Tandis que Klaus Vogel a trouvé un bateau, le navire de sauvetage Aquarius, et a pris en charge tous les aspects techniques, Sophie Beau a mis en place le projet et obtenu un financement. « En tant que citoyen et en tant qu’européen on ne peut pas rester indifférent à ce qui se passe en Méditerranée, on ne peut pas ne pas tendre la main à des personnes qui se noient sous nos yeux. Et ce alors que l’on sait comment procéder depuis l’opération Mare Nostrum. SOS Méditerranée, c’est l’idée de Klaus, son initiative au départ.
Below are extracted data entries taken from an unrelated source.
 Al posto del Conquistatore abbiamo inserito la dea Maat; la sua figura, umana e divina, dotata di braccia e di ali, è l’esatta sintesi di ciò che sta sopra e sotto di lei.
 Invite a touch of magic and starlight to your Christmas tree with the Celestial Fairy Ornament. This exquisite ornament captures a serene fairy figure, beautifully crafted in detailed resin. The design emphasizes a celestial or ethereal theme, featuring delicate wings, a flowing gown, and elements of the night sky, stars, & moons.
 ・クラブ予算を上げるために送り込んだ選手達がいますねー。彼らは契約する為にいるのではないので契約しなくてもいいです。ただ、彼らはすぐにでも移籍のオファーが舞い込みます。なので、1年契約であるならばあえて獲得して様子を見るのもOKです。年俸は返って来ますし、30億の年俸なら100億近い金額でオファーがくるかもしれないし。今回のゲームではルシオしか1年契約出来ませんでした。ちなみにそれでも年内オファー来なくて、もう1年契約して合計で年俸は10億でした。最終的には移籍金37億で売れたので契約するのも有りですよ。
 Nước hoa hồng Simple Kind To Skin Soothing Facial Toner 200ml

N’oublions pas que cette crise migratoire était bien moins médiatique à l’époque même si tout le monde savait, les médias n’en parlaient pas. Il a fallu attendre le naufrage de Lampedusa déclencheur d’une vague d’émotion publique pour qu’ils commencent à en parler ».
Klaus Vogel aide les réfugiés à se mettre à l’abri. |
Beaucoup de bailleurs privés et institutionnels ont été sollicités. Mais si Sophie peine à les convaincre, elle est agréablement surprise par l’afflux des dons venant des citoyens européens. 275 000 euros ont été collectés en six semaines grâce au crowdfunding (financement participatif). Aujourd’hui encore, l’association est financée à 98% par des dons privés et 2 % seulement par des bailleurs de fonds institutionnels et publics.
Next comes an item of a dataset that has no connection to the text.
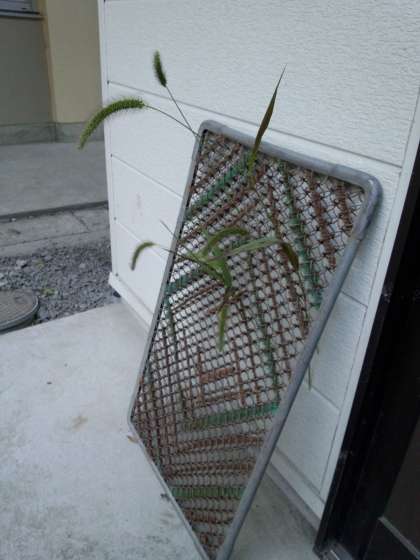 手にしたエノコログサをどうするのかなと思って見ていると,児童館分室の建物の前に立てかけてあった足ふきマットに差し込んでから校舎内へ入って行きました。
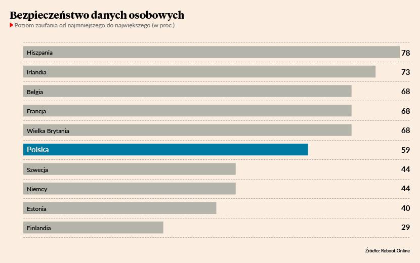 Na pierwszym miejscu niechlubnego podium jest Hiszpania — aż 78 proc. obywateli nie ma zaufania do władz w tej kwestii. Na drugim znalazła się Irlandia — 73 proc. obywateli twierdzi, że ich dane osobowe nie są bezpieczne. Na trzecim są Belgia, Francja i Wielka Brytania z 68-procentowym odsetkiem.

Association agissant à but non lucratif, SOS Méditerranée opère indépendamment de tout pouvoir politique et s'appuie autant sur un impératif moral que sur l'application du droit maritime qui exige une assistance en mer. L'association poursuit trois objectifs principaux : sauver des vies, protéger les survivants et témoigner de la situation critique en mer. Ce sont les valeurs fondamentales que Klaus et Sophie s'efforcent de défendre.
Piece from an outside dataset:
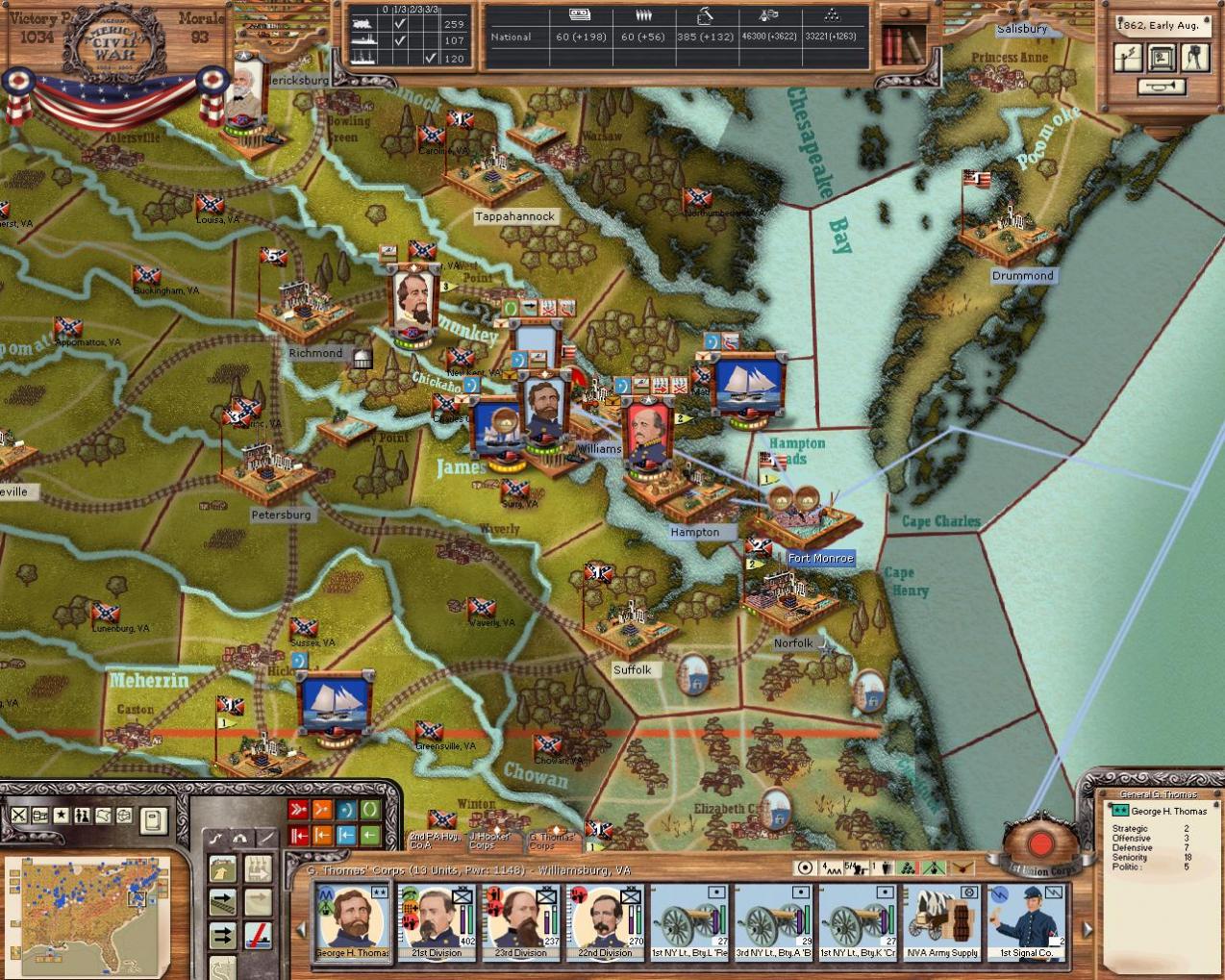 The has arrived safely around Suffolk and Norfolk! General Meade's corps is commencing seige operations against Norfolk itseld, while Thomas' and Hooker's corps are secuing the harbour at Suffolk. I had wanted to repair the rail lines when I sent the turn in to MrT, however, it looks as though I forgot to click the special order :bonk:

En raison de la nature de ses activités, le bureau de SOS Méditerranée à Marseille a été saccagé par un groupe d'extrême droite. L'ONG s'est affrontée à plusieurs reprises avec les garde-côtes libyens alors qu'ils tentaient d'intercepter les navires de migrants à destination de l'Italie. Les menaces qui pèsent sur les travailleurs humanitaires augmentent et l'organisation subit de nombreuses pressions de la part des gouvernements européens.
Chaque année, des milliers de réfugiés tentent de rejoindre l'Europe par la mer. |
Conséquence, en 2018, le contrat d'affrètement de l’Aquarius est résilié. L'équipe est contrainte de partir à la recherche d’un autre navire. Le défi relevé et, en août 2019, un nouveau bateau nommé Ocean Viking est retourné en mer pour sauver plus de migrants. Aujourd'hui, l'Ocean Viking poursuit sa mission en battant pavillon norvégien, le drapeau du pays d'origine de Nansen, pays qui respecte le droit maritime et les droits de l'homme dans le monde.
Malgré la détérioration du contexte politique, Sophie, Klaus et tous les bénévoles de SOS Méditerranée sont inébranlables dans leur engagement à sauver des vies. «Nous nous retrouvons pris dans cette instrumentalisation politique extrême d'une question surmédiatisée, qui doit avant tout être humanitaire. Le droit de la mer et celui des réfugiés est extrêmement clair et sans appel. C’est une question de droits humains », soulignent les militants.